Plasticity screening using Arabidopsis thalianaaccessions in response to N availability
We screened 190 Arabidopsis accessions (Table S1), grown on soil supplemented with three different concentrations of N (Methods), for plasticity of focal traits (i.e. phenotypes) including early rosette diameter (ERD), final rosette diameter (FRD), flowering time (FT) and yield (YIE) (Table S2). A pilot experiment with a subset of accessions, following an established protocol (Pandey et al., 2019), was used to determine the N conditions considered as limiting, intermediate and optimal for growth (Methods). Accessions with missing data in at least one N condition were removed from further analysis, resulting in 142 (ERD), 109 (FRD), 127 (FT) and 102 (YIE) accessions to characterize plasticity of the four phenotypes. On average, the accessions were larger, flowered earlier and produced more seeds when grown under optimal N in comparison to intermediate and limiting N (Figure 1a).
Clustering of the accessions according to their reactions norms, representing the phenotype mean as a function of different environments, partitioned the accessions into three groups for ERD and two groups for each of the other complex traits (FRD, FT, and YIE) (k-means clustering, k determined by silhouette index analysis, Figure 1b, Table S2). The differences in response of the studied phenotypes between the clusters of accessions indicated that there is a genetic variation in plasticity of these phenotypes to N availability.
To quantify plasticity of the phenotypes, we calculated the coefficient of variation (CV) for each accession using the mean values in the three N conditions (Methods, Table S3). The average CVs for all traits were smaller than 1, implying a generally low degree of plasticity (Figure 2a). ERD showed higher median plasticity (0.46) than the other phenotypes (Figure 2a). In contrast, FT, measured as the number of days from pricking of the seedlings to the first open flower, had the lowest median CV (0.11) in response to the three N conditions (Figure 2a).
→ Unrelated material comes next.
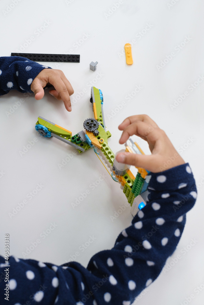 Coding Class, school girl constructing robot arm mechanism. multiethnic children making science, technology tasks with tablet. Modern education African American girl experimenting on lesson Close-up

We also asked if the accessions differed with respect to the pattern of plasticities for the four phenotypes. To this end, we clustered the 77 accessions for which the CV of all four phenotypes were measured, and found that they can be partitioned into three groups (Figure 2b; Table S3). The accessions in cluster 1 showed lower plasticity in the ERD than those in clusters 2 and 3, while the accessions in cluster 2 showed higher plasticity in the ERD and FRD than those in clusters 1 and 3 (Figure 2b, Table S3). These findings demonstrated that accessions differed with respect to the plasticities of the four investigated phenotypes. Next, using the CVs of the 77 accessions, we tested if the plasticities of the four phenotypes correlated. We found that the CV of the ERD showed significant positive Spearman correlation with the CV of the FRD (0.42, p-value = 4.7x10-5) and FT (0.37, p-value = 5.7x10-5), indicating that plasticity of the size in the beginning of vegetative growth is moderately associated with plasticity in flowering time (Figure 2c).
To investigate whether the plasticity in the flowering time was due to change in the developmental timing or the growth pattern, we scored the number of rosette leaves until bolting for six accessions with varying plasticities of FT. We noted that under the same N condition, the total number of leaves differed between the selected accessions, but all of them produced approximately twice the number of leaves under optimal N in comparison to the limiting N (Figure S1). This suggests that the earlier flowering under optimal N was due to a faster developmental transition to the reproductive phase.